▶ PROMPT
Your task is to work out how many lines in the data include the word "seen". Reply with the number alone.

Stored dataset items
<<<<
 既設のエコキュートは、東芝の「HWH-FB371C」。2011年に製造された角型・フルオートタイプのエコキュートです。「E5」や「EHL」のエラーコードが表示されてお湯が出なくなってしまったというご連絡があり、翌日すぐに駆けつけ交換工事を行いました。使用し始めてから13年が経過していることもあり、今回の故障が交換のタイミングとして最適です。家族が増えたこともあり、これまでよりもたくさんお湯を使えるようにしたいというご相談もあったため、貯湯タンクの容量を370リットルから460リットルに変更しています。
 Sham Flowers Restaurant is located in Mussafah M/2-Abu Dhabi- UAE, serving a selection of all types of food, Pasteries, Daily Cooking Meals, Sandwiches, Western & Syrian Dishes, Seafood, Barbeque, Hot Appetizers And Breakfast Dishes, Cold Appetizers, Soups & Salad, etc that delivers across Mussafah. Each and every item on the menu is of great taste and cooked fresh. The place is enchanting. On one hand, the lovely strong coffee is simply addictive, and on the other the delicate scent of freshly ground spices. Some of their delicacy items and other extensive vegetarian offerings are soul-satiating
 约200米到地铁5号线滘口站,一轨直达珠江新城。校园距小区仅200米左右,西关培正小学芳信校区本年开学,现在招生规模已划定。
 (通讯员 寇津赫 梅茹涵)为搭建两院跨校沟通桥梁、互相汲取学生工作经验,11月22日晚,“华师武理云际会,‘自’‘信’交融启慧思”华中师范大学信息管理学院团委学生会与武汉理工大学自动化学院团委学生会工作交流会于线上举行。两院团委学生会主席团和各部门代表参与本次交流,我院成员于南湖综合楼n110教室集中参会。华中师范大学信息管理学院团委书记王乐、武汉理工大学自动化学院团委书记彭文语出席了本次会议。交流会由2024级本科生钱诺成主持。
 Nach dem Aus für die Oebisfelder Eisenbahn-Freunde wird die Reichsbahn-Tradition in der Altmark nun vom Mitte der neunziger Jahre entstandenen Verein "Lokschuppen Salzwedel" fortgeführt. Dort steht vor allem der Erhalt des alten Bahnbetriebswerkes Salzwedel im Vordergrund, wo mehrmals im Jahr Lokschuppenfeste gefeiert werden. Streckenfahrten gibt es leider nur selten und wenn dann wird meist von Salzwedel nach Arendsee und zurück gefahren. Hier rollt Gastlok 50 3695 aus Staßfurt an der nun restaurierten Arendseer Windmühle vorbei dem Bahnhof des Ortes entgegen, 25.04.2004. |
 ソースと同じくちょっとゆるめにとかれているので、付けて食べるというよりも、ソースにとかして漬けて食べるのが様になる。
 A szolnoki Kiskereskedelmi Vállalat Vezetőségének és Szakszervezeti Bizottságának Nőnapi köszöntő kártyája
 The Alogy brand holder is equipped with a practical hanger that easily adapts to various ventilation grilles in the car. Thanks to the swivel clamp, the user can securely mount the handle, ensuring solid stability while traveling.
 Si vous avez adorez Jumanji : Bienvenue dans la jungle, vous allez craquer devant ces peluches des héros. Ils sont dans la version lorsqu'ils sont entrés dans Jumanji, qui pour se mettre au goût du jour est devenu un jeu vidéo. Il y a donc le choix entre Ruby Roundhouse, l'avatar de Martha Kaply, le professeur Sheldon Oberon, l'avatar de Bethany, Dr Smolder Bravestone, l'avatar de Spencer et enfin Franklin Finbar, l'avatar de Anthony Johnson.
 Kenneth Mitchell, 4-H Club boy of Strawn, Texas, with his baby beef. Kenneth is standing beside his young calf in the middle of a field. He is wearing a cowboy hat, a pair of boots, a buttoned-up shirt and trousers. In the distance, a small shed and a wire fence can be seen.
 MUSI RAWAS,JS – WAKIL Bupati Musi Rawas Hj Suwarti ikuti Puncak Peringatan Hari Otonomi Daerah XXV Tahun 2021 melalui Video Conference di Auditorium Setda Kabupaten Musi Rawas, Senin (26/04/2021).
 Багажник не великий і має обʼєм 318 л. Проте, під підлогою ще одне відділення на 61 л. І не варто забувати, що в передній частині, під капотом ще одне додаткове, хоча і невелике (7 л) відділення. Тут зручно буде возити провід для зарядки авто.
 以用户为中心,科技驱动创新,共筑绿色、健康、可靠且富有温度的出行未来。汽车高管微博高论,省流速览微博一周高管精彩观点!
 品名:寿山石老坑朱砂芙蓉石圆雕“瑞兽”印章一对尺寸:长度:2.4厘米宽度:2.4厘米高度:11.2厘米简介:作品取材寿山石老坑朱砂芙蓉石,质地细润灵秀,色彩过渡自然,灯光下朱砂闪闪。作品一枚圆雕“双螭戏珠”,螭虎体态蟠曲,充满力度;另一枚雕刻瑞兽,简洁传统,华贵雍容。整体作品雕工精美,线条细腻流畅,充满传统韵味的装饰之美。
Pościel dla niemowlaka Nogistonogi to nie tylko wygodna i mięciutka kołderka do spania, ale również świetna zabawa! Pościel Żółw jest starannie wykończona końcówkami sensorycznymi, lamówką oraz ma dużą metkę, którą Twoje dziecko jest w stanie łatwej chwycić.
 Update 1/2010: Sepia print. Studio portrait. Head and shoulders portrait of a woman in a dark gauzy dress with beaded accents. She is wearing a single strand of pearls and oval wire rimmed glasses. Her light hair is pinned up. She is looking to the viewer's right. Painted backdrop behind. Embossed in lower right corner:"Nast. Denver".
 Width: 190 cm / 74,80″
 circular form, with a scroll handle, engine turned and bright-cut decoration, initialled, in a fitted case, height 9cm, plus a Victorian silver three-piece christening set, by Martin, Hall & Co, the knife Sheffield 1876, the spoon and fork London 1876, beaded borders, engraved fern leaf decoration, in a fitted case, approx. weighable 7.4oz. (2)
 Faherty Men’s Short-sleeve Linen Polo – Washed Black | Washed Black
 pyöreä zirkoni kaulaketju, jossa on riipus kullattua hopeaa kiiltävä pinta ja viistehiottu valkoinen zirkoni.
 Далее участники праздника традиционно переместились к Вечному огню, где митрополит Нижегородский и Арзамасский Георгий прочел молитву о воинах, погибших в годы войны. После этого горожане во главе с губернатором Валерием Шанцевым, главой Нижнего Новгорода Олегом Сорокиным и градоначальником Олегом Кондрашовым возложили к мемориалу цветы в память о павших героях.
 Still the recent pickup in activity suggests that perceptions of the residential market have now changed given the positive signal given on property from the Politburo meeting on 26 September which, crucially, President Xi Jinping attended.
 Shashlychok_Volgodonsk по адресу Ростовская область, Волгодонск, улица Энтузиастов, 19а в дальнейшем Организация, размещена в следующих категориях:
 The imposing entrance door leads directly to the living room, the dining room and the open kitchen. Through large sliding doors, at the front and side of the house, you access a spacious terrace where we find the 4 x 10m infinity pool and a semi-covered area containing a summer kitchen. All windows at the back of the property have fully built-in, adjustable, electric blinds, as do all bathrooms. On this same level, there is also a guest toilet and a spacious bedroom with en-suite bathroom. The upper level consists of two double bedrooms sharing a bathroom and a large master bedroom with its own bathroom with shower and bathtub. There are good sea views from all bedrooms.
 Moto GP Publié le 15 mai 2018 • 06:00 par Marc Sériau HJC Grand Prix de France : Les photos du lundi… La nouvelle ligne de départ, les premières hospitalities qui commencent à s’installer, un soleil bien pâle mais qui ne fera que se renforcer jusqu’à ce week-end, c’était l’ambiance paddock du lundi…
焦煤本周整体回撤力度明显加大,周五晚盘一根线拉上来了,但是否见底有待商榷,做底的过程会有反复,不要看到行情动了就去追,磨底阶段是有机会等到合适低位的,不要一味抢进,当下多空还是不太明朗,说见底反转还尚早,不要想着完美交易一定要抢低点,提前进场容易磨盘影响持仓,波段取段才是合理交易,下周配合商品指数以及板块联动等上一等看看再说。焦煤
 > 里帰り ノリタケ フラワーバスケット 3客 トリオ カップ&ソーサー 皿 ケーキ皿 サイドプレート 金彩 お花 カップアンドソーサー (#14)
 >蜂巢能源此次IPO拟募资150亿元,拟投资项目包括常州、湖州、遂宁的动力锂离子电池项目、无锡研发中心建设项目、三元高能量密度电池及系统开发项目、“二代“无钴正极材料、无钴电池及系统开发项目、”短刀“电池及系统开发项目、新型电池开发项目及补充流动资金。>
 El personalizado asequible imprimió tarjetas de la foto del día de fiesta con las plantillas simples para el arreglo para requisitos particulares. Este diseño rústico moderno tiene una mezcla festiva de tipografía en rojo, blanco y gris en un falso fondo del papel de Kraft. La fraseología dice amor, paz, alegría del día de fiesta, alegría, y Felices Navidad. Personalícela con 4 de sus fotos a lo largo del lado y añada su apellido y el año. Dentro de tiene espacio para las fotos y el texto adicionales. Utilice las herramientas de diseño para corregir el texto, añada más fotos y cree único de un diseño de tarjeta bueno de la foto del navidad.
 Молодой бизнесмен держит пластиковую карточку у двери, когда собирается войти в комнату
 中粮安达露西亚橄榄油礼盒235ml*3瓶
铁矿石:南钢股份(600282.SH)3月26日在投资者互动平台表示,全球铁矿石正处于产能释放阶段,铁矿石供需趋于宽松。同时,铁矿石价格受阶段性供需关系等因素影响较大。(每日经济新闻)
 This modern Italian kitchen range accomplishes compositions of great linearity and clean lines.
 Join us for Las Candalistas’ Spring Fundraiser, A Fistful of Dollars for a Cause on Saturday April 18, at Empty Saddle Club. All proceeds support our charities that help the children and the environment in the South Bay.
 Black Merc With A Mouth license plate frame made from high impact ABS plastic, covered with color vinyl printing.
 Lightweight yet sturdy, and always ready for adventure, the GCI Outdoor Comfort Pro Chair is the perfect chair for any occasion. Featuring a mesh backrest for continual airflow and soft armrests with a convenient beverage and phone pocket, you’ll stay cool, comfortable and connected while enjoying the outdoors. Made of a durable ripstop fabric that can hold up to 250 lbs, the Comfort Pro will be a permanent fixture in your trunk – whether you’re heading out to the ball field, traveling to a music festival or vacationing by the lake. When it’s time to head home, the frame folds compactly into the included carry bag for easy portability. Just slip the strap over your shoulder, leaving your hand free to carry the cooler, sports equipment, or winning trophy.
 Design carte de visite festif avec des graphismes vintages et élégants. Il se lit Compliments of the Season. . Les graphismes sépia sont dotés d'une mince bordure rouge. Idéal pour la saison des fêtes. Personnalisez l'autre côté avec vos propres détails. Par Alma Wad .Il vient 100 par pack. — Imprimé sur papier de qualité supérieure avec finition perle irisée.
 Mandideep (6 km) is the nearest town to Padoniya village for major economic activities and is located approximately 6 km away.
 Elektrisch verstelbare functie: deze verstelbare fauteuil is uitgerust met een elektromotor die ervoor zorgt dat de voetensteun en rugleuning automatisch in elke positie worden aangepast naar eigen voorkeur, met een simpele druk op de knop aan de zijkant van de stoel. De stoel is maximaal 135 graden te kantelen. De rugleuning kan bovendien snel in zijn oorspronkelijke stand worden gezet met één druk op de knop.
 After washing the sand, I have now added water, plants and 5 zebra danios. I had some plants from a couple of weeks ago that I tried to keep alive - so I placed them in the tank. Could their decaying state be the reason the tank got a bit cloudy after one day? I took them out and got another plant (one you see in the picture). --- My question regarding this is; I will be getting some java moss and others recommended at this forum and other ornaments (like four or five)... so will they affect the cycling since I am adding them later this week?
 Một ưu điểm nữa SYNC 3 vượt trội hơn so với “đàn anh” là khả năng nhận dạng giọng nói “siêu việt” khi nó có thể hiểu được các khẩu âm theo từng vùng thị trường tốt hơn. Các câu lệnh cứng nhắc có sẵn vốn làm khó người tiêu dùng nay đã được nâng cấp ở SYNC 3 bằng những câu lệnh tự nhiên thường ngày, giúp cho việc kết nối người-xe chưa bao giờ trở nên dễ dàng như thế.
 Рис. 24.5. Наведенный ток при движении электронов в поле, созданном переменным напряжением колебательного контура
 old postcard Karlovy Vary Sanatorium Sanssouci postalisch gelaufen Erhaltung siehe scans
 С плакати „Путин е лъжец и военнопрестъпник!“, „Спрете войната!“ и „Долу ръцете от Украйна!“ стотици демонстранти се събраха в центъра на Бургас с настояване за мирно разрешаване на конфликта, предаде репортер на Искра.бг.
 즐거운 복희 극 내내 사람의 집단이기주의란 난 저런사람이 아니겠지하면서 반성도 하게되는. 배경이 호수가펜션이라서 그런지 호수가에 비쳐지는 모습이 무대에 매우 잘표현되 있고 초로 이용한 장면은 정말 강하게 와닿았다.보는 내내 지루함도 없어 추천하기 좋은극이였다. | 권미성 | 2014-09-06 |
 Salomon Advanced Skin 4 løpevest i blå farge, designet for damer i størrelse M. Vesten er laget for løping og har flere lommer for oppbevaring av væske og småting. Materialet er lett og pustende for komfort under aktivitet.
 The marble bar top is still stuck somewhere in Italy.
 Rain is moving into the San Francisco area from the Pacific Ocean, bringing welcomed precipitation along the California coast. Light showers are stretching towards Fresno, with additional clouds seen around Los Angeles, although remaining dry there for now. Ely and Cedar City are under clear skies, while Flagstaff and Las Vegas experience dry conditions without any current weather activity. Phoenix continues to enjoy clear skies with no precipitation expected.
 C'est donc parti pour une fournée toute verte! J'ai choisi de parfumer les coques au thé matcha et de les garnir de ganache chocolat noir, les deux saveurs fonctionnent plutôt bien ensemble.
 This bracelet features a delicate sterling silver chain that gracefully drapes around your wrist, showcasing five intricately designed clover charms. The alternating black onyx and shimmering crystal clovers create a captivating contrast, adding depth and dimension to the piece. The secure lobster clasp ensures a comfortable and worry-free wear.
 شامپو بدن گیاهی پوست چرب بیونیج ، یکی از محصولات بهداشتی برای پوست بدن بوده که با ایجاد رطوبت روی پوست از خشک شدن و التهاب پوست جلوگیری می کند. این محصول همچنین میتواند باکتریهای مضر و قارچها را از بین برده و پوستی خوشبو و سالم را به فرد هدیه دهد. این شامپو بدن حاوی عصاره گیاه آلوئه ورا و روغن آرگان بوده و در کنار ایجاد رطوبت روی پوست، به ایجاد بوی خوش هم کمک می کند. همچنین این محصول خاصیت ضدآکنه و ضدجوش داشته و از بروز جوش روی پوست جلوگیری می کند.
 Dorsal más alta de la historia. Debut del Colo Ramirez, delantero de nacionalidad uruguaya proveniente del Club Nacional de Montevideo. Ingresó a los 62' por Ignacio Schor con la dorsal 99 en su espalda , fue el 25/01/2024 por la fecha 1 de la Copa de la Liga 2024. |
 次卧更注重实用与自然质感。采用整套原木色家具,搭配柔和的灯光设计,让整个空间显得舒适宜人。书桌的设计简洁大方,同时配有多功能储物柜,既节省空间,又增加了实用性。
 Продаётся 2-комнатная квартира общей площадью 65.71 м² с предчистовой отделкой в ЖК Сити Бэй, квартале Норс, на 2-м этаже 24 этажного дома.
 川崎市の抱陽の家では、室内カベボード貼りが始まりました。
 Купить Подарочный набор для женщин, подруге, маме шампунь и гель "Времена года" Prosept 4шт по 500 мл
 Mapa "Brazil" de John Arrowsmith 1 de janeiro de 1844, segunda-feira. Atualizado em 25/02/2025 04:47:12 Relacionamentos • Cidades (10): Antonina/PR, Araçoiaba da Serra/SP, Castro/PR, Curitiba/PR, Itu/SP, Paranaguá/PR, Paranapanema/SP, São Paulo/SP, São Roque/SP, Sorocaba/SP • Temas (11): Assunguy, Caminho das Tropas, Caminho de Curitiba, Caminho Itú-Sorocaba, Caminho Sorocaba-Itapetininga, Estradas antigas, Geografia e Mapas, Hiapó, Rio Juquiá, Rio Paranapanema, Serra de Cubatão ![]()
>>>>
▶ RESPONSE AREA
2